Jesús Martínez

Personal information
- Full name: Jesús Martínez Rivadeneira
- Date of birth: 7 December 1947 (age 78)
- Place of birth: Cangas [es], Spain
- Height: 1.78 m (5 ft 10 in)
- Positions: Defender; midfielder;

Senior career*
- Years: Team / Apps / (Gls)
- 1967–1968: Racing Club
- 1968–1978: Valencia / 178 / (2)
- 1978: Levante / 2 / (0)
- 1979–1980: Huracán
- 1981–1983: Quilmes
- 1984–1986: Banfield
- 1986: Colón
- 1987–1989: Almagro
- 1990–1992: Defensores de Belgrano

International career
- Spain U18
- 1973–1974: Spain / 4 / (0)

= Jesús Martínez (footballer, born 1947) =

Spanish footballer (born 1947)

Jesús Martínez Rivadeneira (born 7 December 1947) is a Spanish former footballer who played as a defender or midfielder.

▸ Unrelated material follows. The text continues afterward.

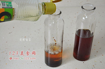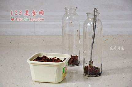 2、瓶中分别加入2勺红糖。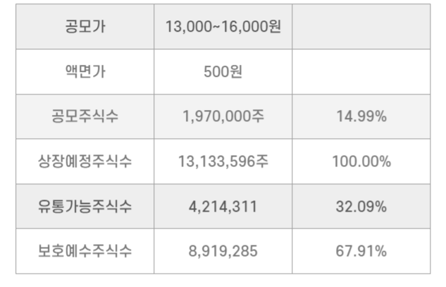 - 공모가: 13,000~16,000원

He emigrated to Argentina as an infant and began and finished his career there, playing until the age of 45. He spent a decade in Spain with Valencia, playing 235 games across all competitions and winning La Liga in 1970–71. He played four international games for Spain from 1973 to 1974.

After retiring from playing, Martínez was sporting director of Valencia from 1994 to 1997. He later became an agent.

==Early life==
Martínez was born in Cangas, a village in Foz in Galicia. His parents ran a bar in nearby Nois, and before his second birthday, they emigrated to Buenos Aires, Argentina, where they already had relatives. The family sought to escape the living conditions of post-civil war Spain.

==Club career==
Martínez began his career in Argentina with Racing Club, before returning to his country of birth in 1968 when he signed for Valencia. He was signed to replace club icon Manuel Mestre and played his first season as a midfielder, but received criticism from fans for perceived over-elaborate play.

On 10 August 1969, Martínez was conscripted for military service and stationed in El Aiun in the Spanish Sahara. At the end of his service, he returned to Valencia and played as a sweeper, remaining a regular for eight seasons. He was nicknamed La Muralla del Valencia ("The Wall of Valencia"). He was part of the team that won La Liga in 1970–71 under the management of Alfredo Di Stéfano but was injured for most of the campaign, contributing to nine games and assisting one goal.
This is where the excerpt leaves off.